(Beginning of Data for review)

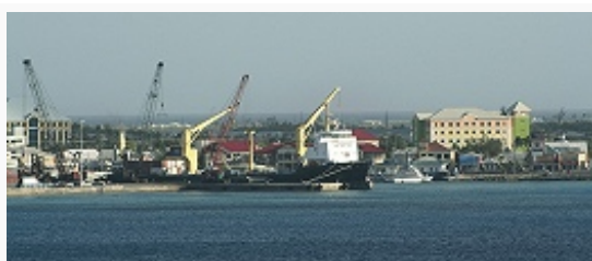
Собор в Джорджтауне. 1889–92.
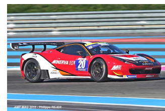
Mastronardi / Beaubelique / M-Traffort
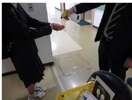
アルコール消毒をして教室へ

なお、次に登校していただく5月21日（木）は、4月に課した課題のフィートバックを行う予定です。
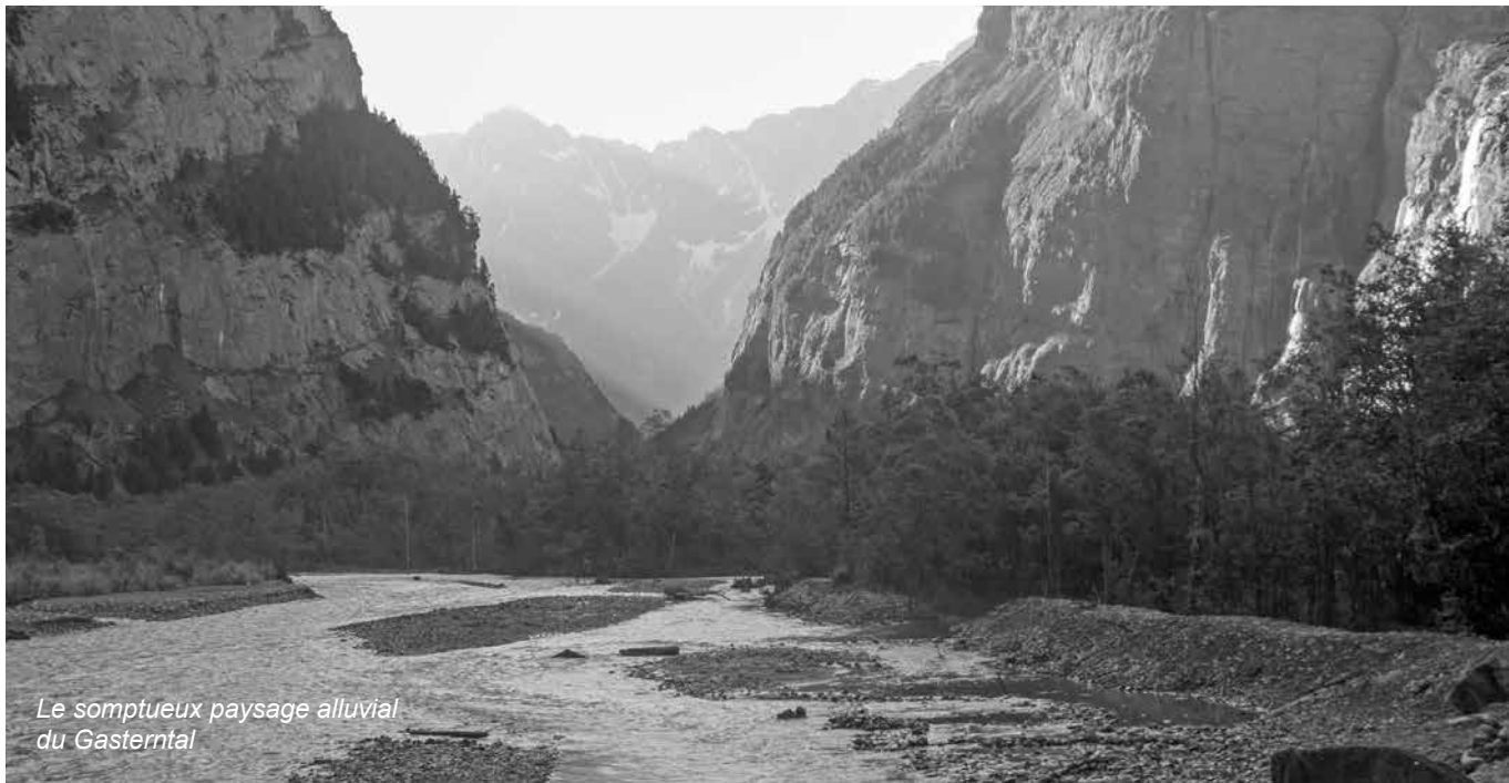
Le somptueux paysage alluvial du Gasterntal

WWF Suisse | Hohlstrasse 110 | 8010 Zurich | Annexe de la section de Berne pour le WWF Suisse | Traduction: Emmanuelle Schraut
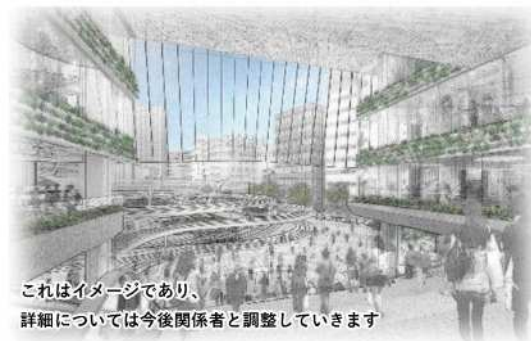
西口（北）の駅まち結節空間
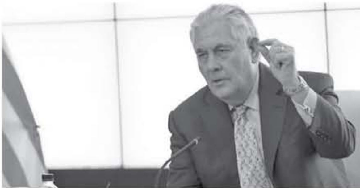
تيلرسون يتحدث خلال مؤتمر صحافي في الكويت على هامش اجتماع مقبلين من التحالف الدولي لمحاربة تنظيم الدولة الإسلامية

من جهته، أعلن وزير الدفاع جيم ماتيس أن العراق يتوقع أن يحرز انتصارات مهمة في غضون أسابيع قليلة، مشيراً إلى أن القوات العراقية قد بدأت بالفعل في القضاء على داعش في مناطق واسعة من البلاد، داعياً إلى مزيد من الجهود لمحاربة المتطرفين.
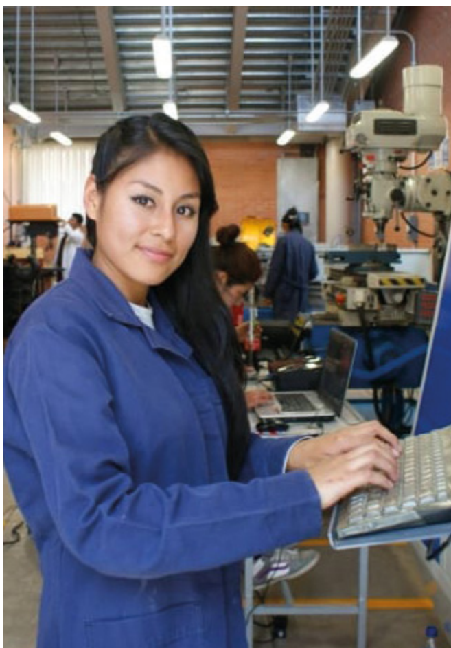
Actividades en uno de los laboratorios.

Las carreras de TSU, al tener un modelo 70% práctico y 30% de teoría, preparan al estudiantado para asumir los retos de un sistema socioeconómico altamente tecnificado y digitalizado que demanda profesionistas con habilidades y certificaciones orientadas a la solución de problemas tecnológicos que se presentan en el mundo de las profesiones tradicionales pero que se encuentran en permanente cambio e innovación.
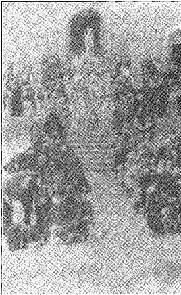
Meta l-istatwa tlibbset b'libsa ndurata, idu restawrata għal bastun, u saritlu dijadema ġdida tal-fidda — Festa 1918

Aktar 'il quddiem, f'Lulju 1958, l-istatwa ta' San Ġużeppe iżzejjnet b'erba' vazetti tal-fidda, xogħol imwettaq mid-ditta "Cassar & Sons" ta' Bormla. Magħhom saru wkoll erba' fjuretti maħdumin mis-Sorijiet Ursulini tal-Belt Valletta. L-ispejjes kollha laħqu £m500, u ġew imħallsin minn
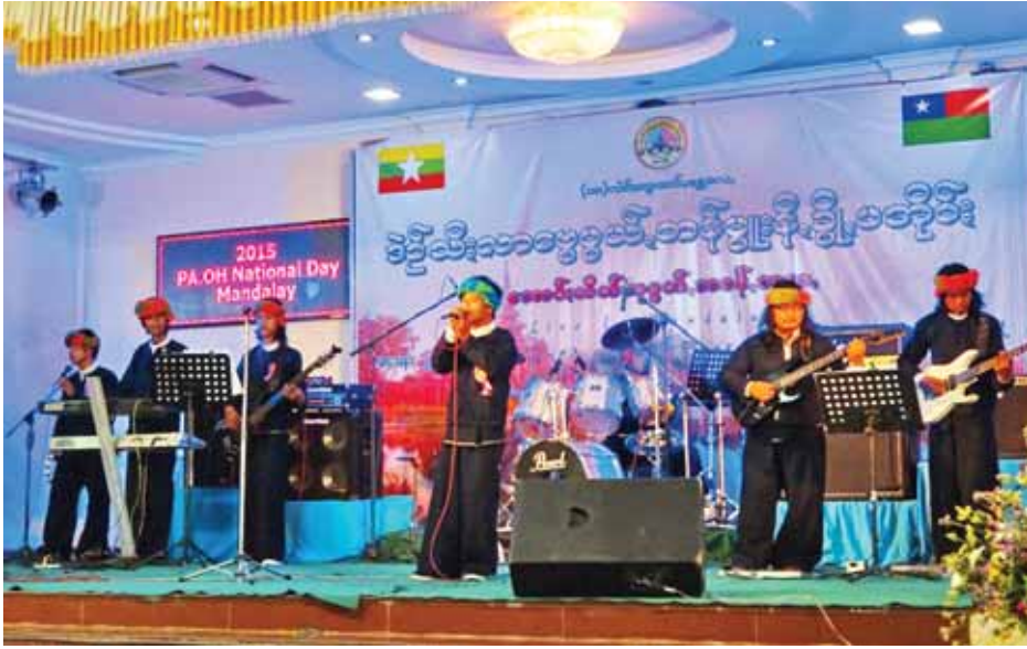
သင်ယူနေကြသော ပအိုဝ်းကျောင်းသား ကျောင်းသူများနှင့် တက္ကသိုလ်ဝင်စာမေးပွဲတွင် ဂုဏ်ထူးဖြင့် အောင်မြင်သော ပအိုဝ်းကျောင်းသားကျောင်းသူများအား တာဝန်ရှိသူများက ဆုများချီးမြှင့်သည်။

မန္တလေး မတ် ၇ ပအိုဝ်းတိုင်းရင်းသား စာပေနှင့် ယဉ်ကျေးမှုကော်မတီက ကြီးမား၍ ပအိုဝ်းအမျိုးသားနေ့နှင့် စာအောင် ဆုနှင့်သဘင်အခမ်းအနားကို မတ် ၅ ရက် နံနက် ၉ နာရီက မန္တလေး မြို့ ချမ်းအေးသာစံမြို့နယ် (၈၁) လမ်းနှင့် (၈၂) လမ်းကြား လမ်း(၃၀) ရှိ ဖူကျင်ကွမ်းရင်ဘုရားကျောင်း ခန်းမ၌ ကျင်းပသည်။ အခမ်းအနားတွင် မန္တလေးမြို့ရှိ စာသင်တိုက်ကြီးများမှ ပအိုဝ်းစာအောင် သံယာဇာတများအား ပအိုဝ်းတိုင်းရင်းသားစာပေနှင့် ယဉ်ကျေးမှုကော်မတီမှ စာအောင်ဆုချီးမြှင့်ပြီး နေ့ဆွမ်း ဆက်ကပ်သည်။
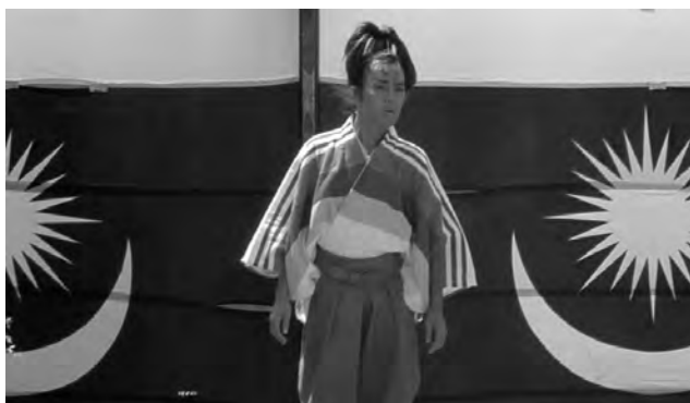
Kuva: Aloituskohtaus elokuvasta Ran.

Kurosawan toinen Shakespeare-filmatisointi Ran perustuu Kuningas Leariin . Hallitsijan ja hänen kolmen poikansa (Shakespearella he ovat tyttäriä) suhde on jälleen mestarillisesti siirretty Japanin historiaan. Näyttelijöiden ryhmitys kuvatilaan noudattaa no-teatterin symmetriaa. Etenkin Lear-hahmon, ruhtinas Ichimonji Hidetoran, ja hänen narrinsa vaelluksessa on no'maista kohtalonomaisuutta. Hidetoran kasvojen meikkaus muuttuu sitä naamiomaisemmaksi mitä pidemmälle hän vaelluksessaan ja hulluudessaan etenee. Ranin hovinarri Kyoamin esiintyminen taas noudattaa kyogen-esitystyylä – kyogen on no-esityksissä eri näyttelijöiden välissä esitettävä lyhyempi, komediallinen esitys.
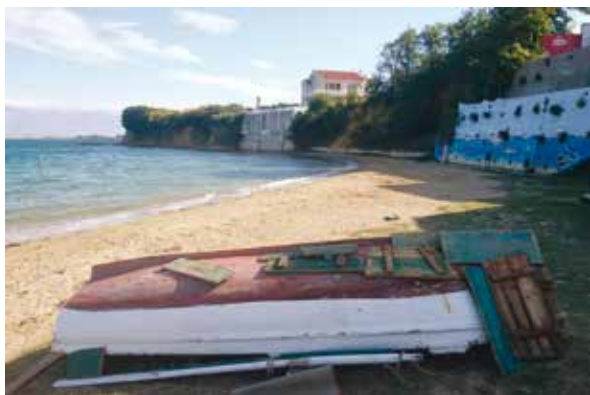
Slika 1: Privlaka, poluotok u stalnom zagrljaju mora Protej, morski bog, nakon smrti obojice sinova, Sokolara i Novaka, i svoje drage Prislavke, milujući je stalno, Privlaku uvijek drži zagrljenu rukama.

Žene su više puta dnevno išle na bunare i nosile vodu koja im je bila potrebna za piće, pranje i kuhanje. Sićem , limenom posudom za vodu, na koji je bio zavezan konopac dug više od desetak metara, grabile su vodu iz bunara i na svojim je glavama u kablovima nosile
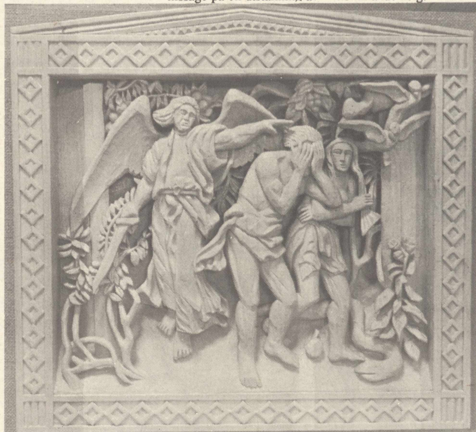
Träsnideri av Bernt Dahlqvist.

Utställningen pågår t.o.m. kommande helg.
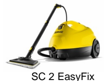
SC 2 EasyFix
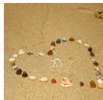
Tanja vom Kolke/pfarrbriefservice

Anmeldeformulare sind in den katholischen Pfarrbüros in Eschweiler erhältlich. In Kürze können sie auch im Internet unter www.katholisch-eschweiler.de heruntergeladen werden.
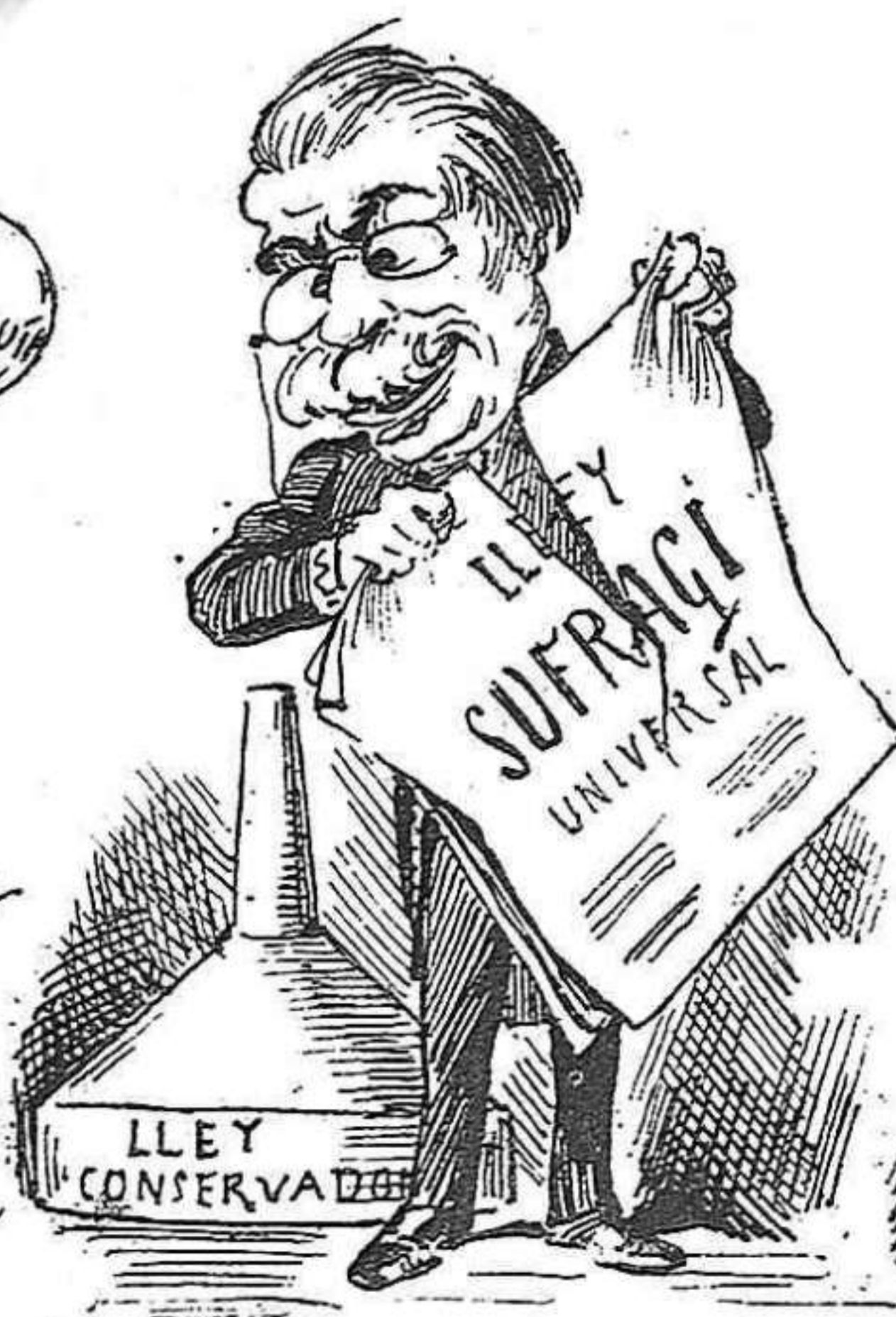
y á grans mals...

(End of Data for review)

Task to complete: Return every line above that contains the word "لمحاربة".

Written solution:
تيلرسون يتحدث خلال مؤتمر صحافي في الكويت على هامش اجتماع مقبلين من التحالف الدولي لمحاربة تنظيم الدولة الإسلامية
من جهته، أعلن وزير الدفاع جيم ماتيس أن العراق يتوقع أن يحرز انتصارات مهمة في غضون أسابيع قليلة، مشيراً إلى أن القوات العراقية قد بدأت بالفعل في القضاء على داعش في مناطق واسعة من البلاد، داعياً إلى مزيد من الجهود لمحاربة المتطرفين.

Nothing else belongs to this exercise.